I. Kaldre - V. Felcis

I. Kaldre, V. Felcis University of Latvia, 3 Jelgavas str., Riga LV-1004, Latvia

Abstract
Metal additive manufacturing (AM) is a rapidly developing new technology. During the AM process, a small quantity of metal is melted and then solidified. During the melting phase, a small melt pool is formed, where different physical phenomena take place which affect the heat and mass transfer in the melt pool and, hence, the solidified material morphology and microstructure. Solid and liquid phases have different Seebeck coefficients, thus, when subjected to a high thermal gradient, thermoelectric currents may appear at the solid-liquid interface. If exposed to the magnetic field, the Lorentz force drives the liquid phase convection. This small-scale melt circulation allows controlling heat and mass transfer. Different direction and strength of the magnetic field allow achieving a different convection type. In this work, we present an experimental scale model to quantify the role of thermoelectromagnetic effect in a melt pool during the wire arc additive manufacturing process.

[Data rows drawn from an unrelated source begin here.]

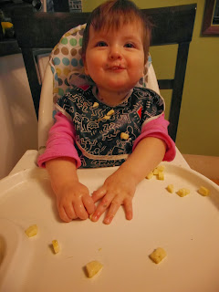 Bummer: I should have waited for SBean to finish her lunch (2 plums, ½ a banana, a full container of blueberry yogurt, a cracker, and a handful of shredded cheese… is this normal?)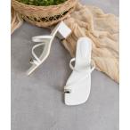 サンダル スクエアトゥトングチャンキーヒールサンダル レディース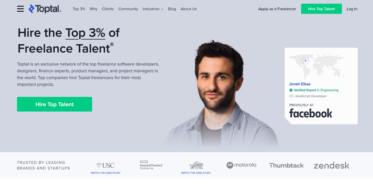 Toptal stands out in the crowded field of freelance platforms by rigorously vetting its talent, ensuring that only the top 3% of applicants make the cut. This elite selection process guarantees that businesses gain access to professionals with proven track records and exceptional skills in software development, design, finance, project management, and more.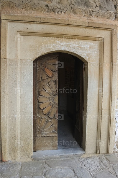 Полуоткрытая двухстворчатая старая деревянная дверь в узоре

The experimental setup is a copper hemispherical cavity filled with liquid GaInSn with an immersed cobalt electrode. Heat flux is applied through the cobalt electrode, and thermoelectric currents are generated at the interface between the electrode and the liquid metal. The liquid metal motion created by different orientation of the static magnetic field up to 0.1 T is measured. This result is compared with the numerical model and analytical estimations. Experimental and numerical results demonstrate that the thermoelectromagnetic effect can be significant during the additive manufacturing process. Tables 1, Figs 4, Refs 10.